I’m looking at titles of posts “the perfect man”.
I’m looking at Shelli’s post about there always being someone better, smarter, prettier, and with less baggage. (And thinking ‘get out of my head, lady!’)
And, I’m also editing.
Add. Shake. Post.
There’s a lot of pressure in this business to be perfect. Or at least as close as you can get. Dot every i, cross every t. And make damn sure you have your commas in the right place. Everyone’s heard the horror story about manuscripts tossed across the room for the wrong font, font-colour, font-size. Whatever.
We have spell-check, grammar-check, critique partners, beta-readers, editors and copy-editors.
What most of us don’t have is a healthy sense of confidence. I can count on my hand the number of times I’ve heard an author send something out to a crit group or beta reader saying “This book is incredible. Terrific. I’m sure you’ll find very little wrong.”
Usually the notes look more like this: “There are scenes missing, and I’ve left notes like ‘add more later’. If you can figure out what I can add, that’d be great. I had to rewrite chapter three, because I wrote it first in present tense, and then had to change it. Make sure I caught them all, please? Oh, yeah, and I’m still not sold on the ending. Frankly, I hate them all so much at this point I debated letting them stay stuck in that burning building to die slow, painful deaths.”
If you ask a writer “How good are you?” you will likely get the following response, in some form or another:
“Well, I’m not bad. I’m pretty good at *insert one of:
characters
plot
pace
emotion
conflict
dialogue*
but, my (insert a different word from the above list) could use some strengthening.
Reviews come in. No one seems to notice the very large section that reads “I loved this book and am recommending to everyone I meet: BUY IT!” They find the part where it says “‘himself’ was misspelled on page 303.” And that translates to: they think the book was poorly edited, and they hated it.
The really tough part of this is that there are authors whose work makes my jaw drop, my stomach churn, and my head feel light.
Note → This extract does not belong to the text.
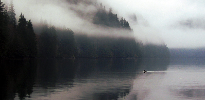 Zeballos, British Columbia
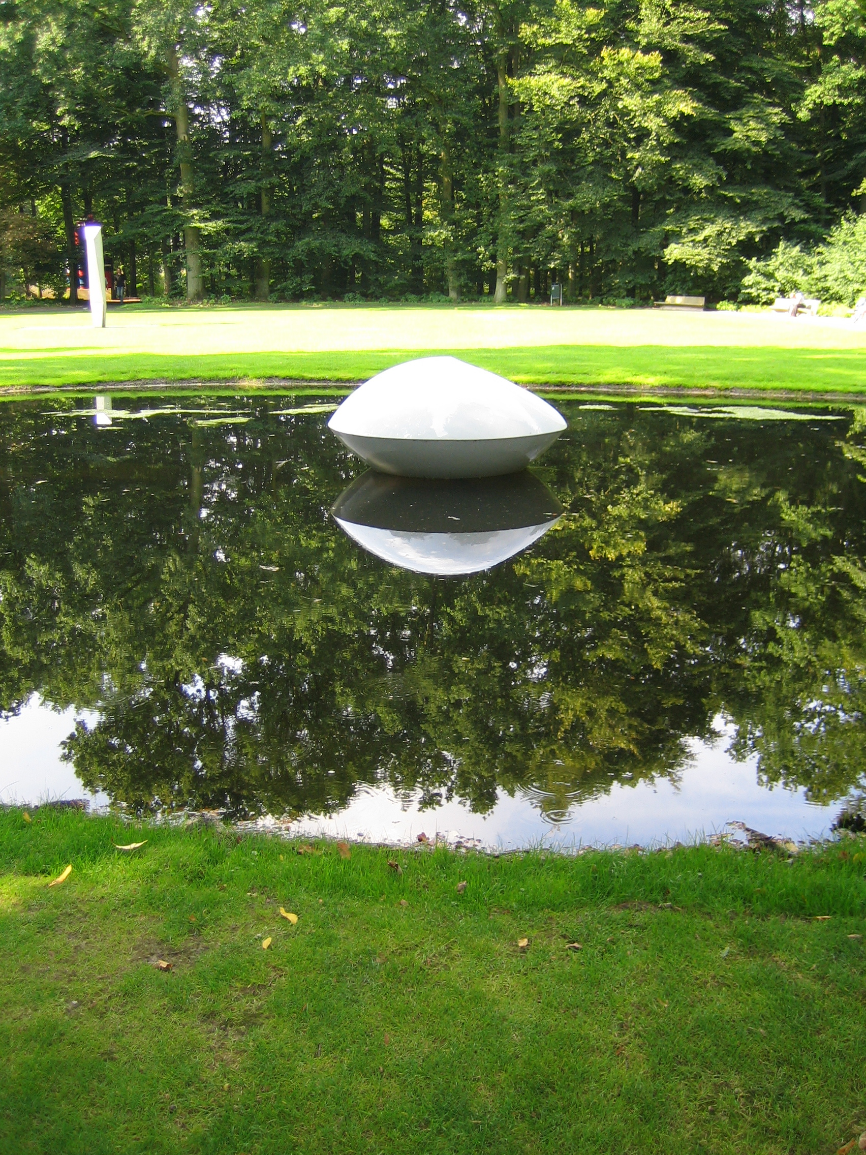 Sculpture park Kröller-Müller Museum in the Netherlands

They’re THAT good. And yet, they still feel like they’re ‘okay.’
And there’s no way to win. Because those few authors who are proud and confident…well, we hate them.
Or we assume they’re posing.
It’s like this every step of the way, too. “I’m epublished, but I want to hit NY.” I have this theory there are NY-authors, multipublished, best sellers–and they dig into their Ben and Jerry’s when they’re halfway through a manuscript doing the “I suck” chorus.
If it’s wrong, don’t disillusion me, please.
Instead of questions, today I have ‘homework’. Even if you don’t comment, but I hope you will: think of two things you’re GREAT at in your writing. Focus on them, and nothing else, for a full minute. And keep it in mind later. If you do post your two great things, and one of them happens to be ’selling millions of copies’, please expect email from us later.








January 12th, 2007 at 6:39 pm
The self-confidence factor has two sides for me.
One one hand, logically, I know I’m good. Perfect? Hell no; I’d be an idiot to think that. (Or a raving egomaniac.)
Emotionally? Bah. I’m constantly afraid I suck. I’m still not sure where this came from, for sure, because I didn’t have this problem when I did suck. *mutter*
As for whether or not bestselling authors deal with this, well, go see John Scalzi’s post over at the Whatever: http://www.scalzi.com/whatever/004762.html
January 12th, 2007 at 6:46 pm
I’m good at dialogue and humor. Maybe sex. I could use some work on descriptions and internals.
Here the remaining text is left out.